このコラムで9月に「マルセイユ その2」を書きました。その際youtubeの画像付きでパリのリヨン駅を紹介しましたが、今回はその2階にあるレストラン、ル・トラン・ブルーなどのお話です。

日本では東京駅は東京に、京都駅は京都にあるのが常識ですが、リヨン駅はパリの駅です。リヨンやマルセイユ、ニース方面に向かう列車のターミナルで、東京の上野駅の趣があります。『ふるさとの訛なつかし 停車場の人ごみの中に そを聴きにゆく』と石川啄木の詩にあるように上野駅には東北地方から上京し、あるいは帰省する人たちが彼らの訛りで話すために東北情緒に溢れていました。リヨン駅でも地中海訛りのフランス語が飛び交い、パリにいるのにまるでマルセイユの下町にいるような気になるのです。
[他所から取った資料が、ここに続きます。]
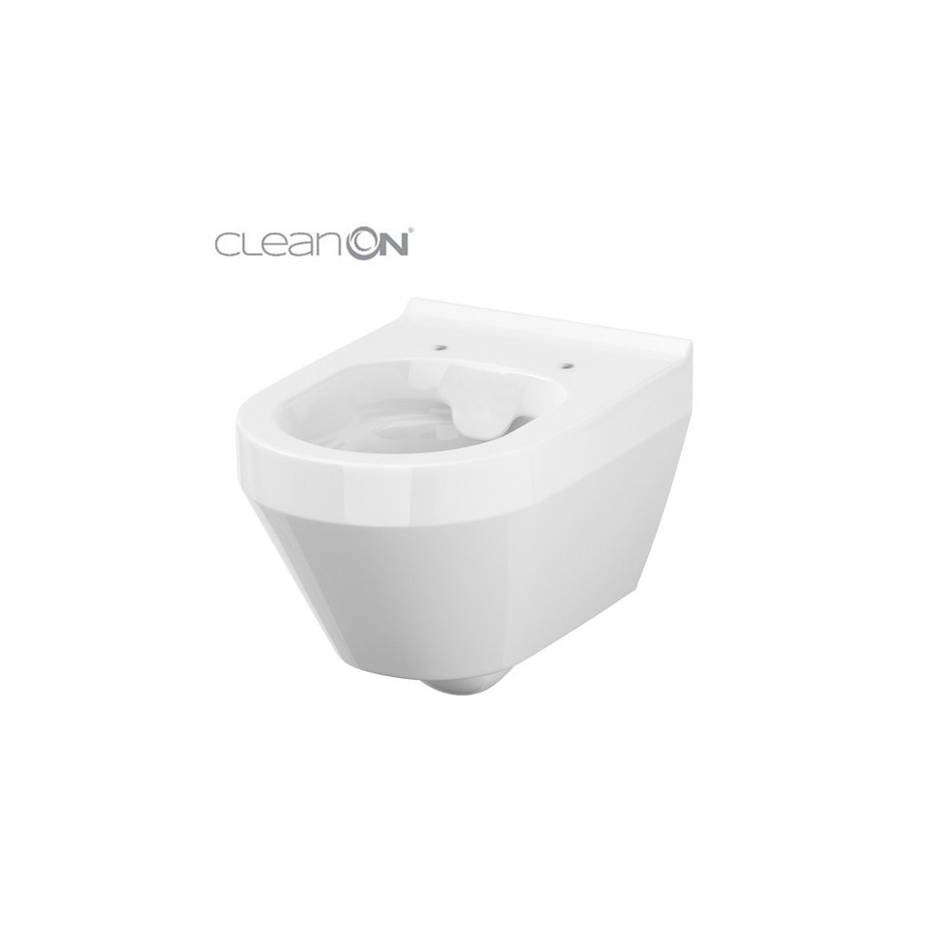 CREA négyzet alakú akasztótál innovatív CleanOn technológiával. Ennek a technológiának köszönhetően a víz hatékonyan kiöblíti a tál összes belső felületét, és a WC hosszabb ideig tisztább és higiénikusabb marad.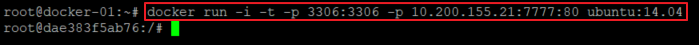 # docker run -i -t -p 3306:3306 -p 10.200.155.21:7777:80 ubuntu:14.04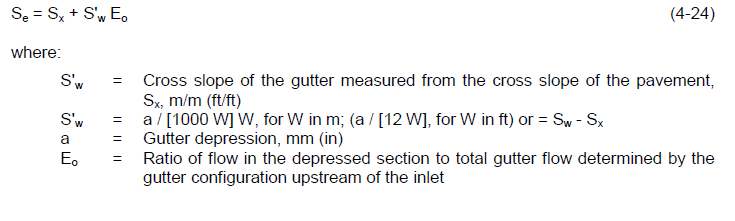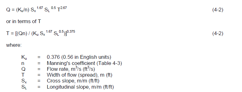 where: Ku = 0.0828 (0.15 imperial units) V = velocity of flow in gutter, m/s (ft/s) Sx = road cross slope, m/m (ft/ft) L = length of the grate, m (ft)

駅の中央辺りにあるアール・ヌーヴォ式の階段を登って同じスタイルの扉を押すと、そこには少し古びてしまったもののベル・エポックの世界が広がります。天井から壁面、テーブル、コート掛けに至るまで昔のまんま。30年前はミシュランレストランガイドブックで一つ星が付いていたレストラン、ル・トラン・ブルー le Train bleu は駅のレストランだけあって何時でも食事ができるし、お茶だけでも注文ができます。メニュー内容は今では普通のレストランと同じような品が並んでいますが、かつてはリヨン料理がスペシアリテとして並んでいました。わが友でシャルキュトリのMOF、ジョルジュ・ドラングル氏がリヨン風クネルを卸していたことが思い出されます。
https://www.youtube.com/watch?v=pLSor5REIl0


リヨン駅と言えばシャンソン歌手バルバラがその歌を歌っています。私はバルバラの r の発音が好きです。咽喉内突起、通称のどチンコがころころ揺れて球を転がしているようです。
“暗いパリからヴェネチアへ行ってゴンドラに乗ろうよ、カプリへ行こうよ、だからリヨン駅に来てよ”ってな内容です。
https://www.youtube.com/watch?v=2vABvrHgsps

ブラスリ・リパイユ元町で21日、22日に催すボジョレ・ヌーヴォのディナーでは友人の井元幸子さんが日本語でこの歌を歌ってくれます。今から楽しみです。